Fast Adversarial Training against Textual Adversarial Attacks

Yichen Yang,Xin Liu,Kun He
2024-01-23
Abstract:Many adversarial defense methods have been proposed to enhance the adversarial robustness of natural language processing models. However, most of them introduce additional pre-set linguistic knowledge and assume that the synonym candidates used by attackers are accessible, which is an ideal assumption. We delve into adversarial training in the embedding space and propose a Fast Adversarial Training (FAT) method to improve the model robustness in the synonym-unaware scenario from the perspective of single-step perturbation generation and perturbation initialization. Based on the observation that the adversarial perturbations crafted by single-step and multi-step gradient ascent are similar, FAT uses single-step gradient ascent to craft adversarial examples in the embedding space to expedite the training process. Based on the observation that the perturbations generated on the identical training sample in successive epochs are similar, FAT fully utilizes historical information when initializing the perturbation. Extensive experiments demonstrate that FAT significantly boosts the robustness of BERT models in the synonym-unaware scenario, and outperforms the defense baselines under various attacks with character-level and word-level modifications.
Computation and Language,Artificial Intelligence
What problem does this paper attempt to address?
This paper focuses on the efficiency and effectiveness of adversarial training (AT) in natural language processing (NLP) models, particularly in scenarios where synonym information is not available.

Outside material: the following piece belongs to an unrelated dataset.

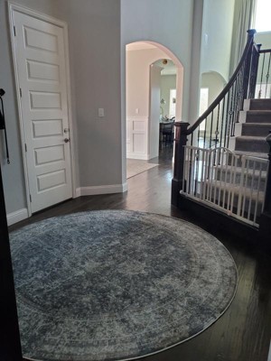 I bought this a few weeks ago and was really excited to put it in my living room. I thought the color would be a darker gray, it looked mostly dark in color to me online. But, there is a lot of light coming through underneath the gray. Just be prepared for a brightness underneath the dark gray color. I was surprised but it was a great suprise and I kept the rug. I've had many compliments so far on it!

Most existing defense methods assume prior knowledge of the synonyms that attackers may use, which is impractical. The paper proposes the Fast Adversarial Training (FAT) method, which operates in the embedding space, to accelerate the training process by generating adversarial perturbations through one-step gradient ascent and initializing the perturbations using historical information. The study observes that for NLP models, adversarial perturbations generated through one-step and multi-step gradient ascent are similar. Therefore, FAT adopts one-step gradient ascent to improve training efficiency. Additionally, the paper finds that the perturbation direction for the same training sample remains similar across consecutive training epochs. Hence, FAT utilizes this historical information to initialize the perturbations and make full use of the training data history. The paper points out that traditional adversarial training methods, such as PGD-AT, are inefficient for large pre-trained models like BERT due to the need for multiple iterations to generate adversarial samples. In contrast, FAT reduces the number of iterations, allowing for more training epochs within a limited time and thereby enhancing the model's robustness. Experimental results demonstrate that FAT significantly improves the robustness of the BERT model against attacks at different model visibilities and granularity levels, outperforming various defense baseline methods. The paper also proposes a variant method, FAT-I, to further accelerate the training process with minimal loss in model robustness. In summary, the main contributions of the paper include: 1. Introducing the FAT method, which accelerates adversarial training through one-step gradient ascent and optimizes model robustness using historical information. 2. Introducing FAT-I, which increases training efficiency by reducing the perturbation update frequency for each training sample. 3. Providing an easy-to-apply and effective adversarial defense solution in the realistic "synonym unknown" scenario, with the best robustness performance against various advanced attacks.